HOW TO COMPLETE THIS TASK. Would you return exactly the lines below from the line with "A.O. Smith Signature" through the line with "Keywords: person human", both included, and nothing else, leaving out the pictures?

RECORD SET.
☆ ☆ ☆ ☆ ☆ ☆ ☆
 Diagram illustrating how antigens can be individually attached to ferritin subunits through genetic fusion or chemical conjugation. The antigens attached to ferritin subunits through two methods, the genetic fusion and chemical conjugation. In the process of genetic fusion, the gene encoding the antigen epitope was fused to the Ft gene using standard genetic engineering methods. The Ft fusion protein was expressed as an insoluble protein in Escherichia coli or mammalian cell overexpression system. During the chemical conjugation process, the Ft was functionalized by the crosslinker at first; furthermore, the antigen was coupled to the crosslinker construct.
☆ ☆ ☆ ☆ ☆ ☆ ☆
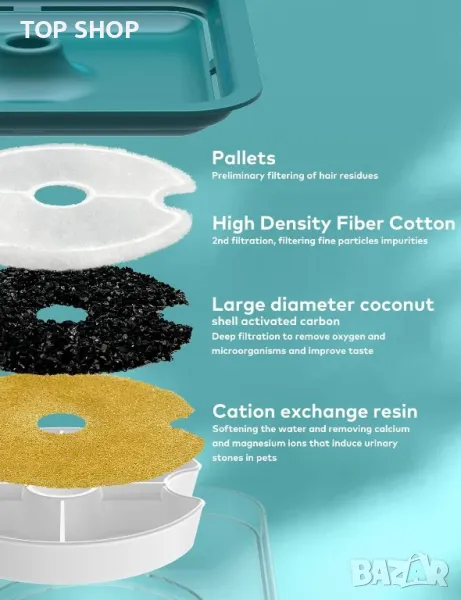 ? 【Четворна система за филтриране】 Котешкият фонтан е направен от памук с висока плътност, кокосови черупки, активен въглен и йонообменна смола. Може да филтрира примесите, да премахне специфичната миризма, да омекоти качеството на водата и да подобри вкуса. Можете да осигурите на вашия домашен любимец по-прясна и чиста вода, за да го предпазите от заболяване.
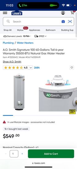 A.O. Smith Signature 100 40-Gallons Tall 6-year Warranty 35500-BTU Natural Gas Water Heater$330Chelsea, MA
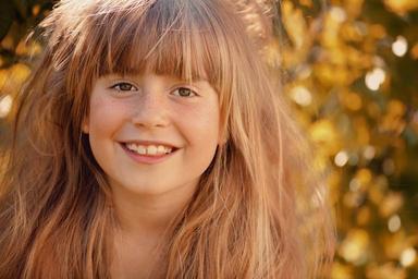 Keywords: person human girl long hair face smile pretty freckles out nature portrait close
☆ ☆ ☆ ☆ ☆ ☆ ☆
YOUR RESPONSE.
 A.O. Smith Signature 100 40-Gallons Tall 6-year Warranty 35500-BTU Natural Gas Water Heater$330Chelsea, MA
 Keywords: person human girl long hair face smile pretty freckles out nature portrait close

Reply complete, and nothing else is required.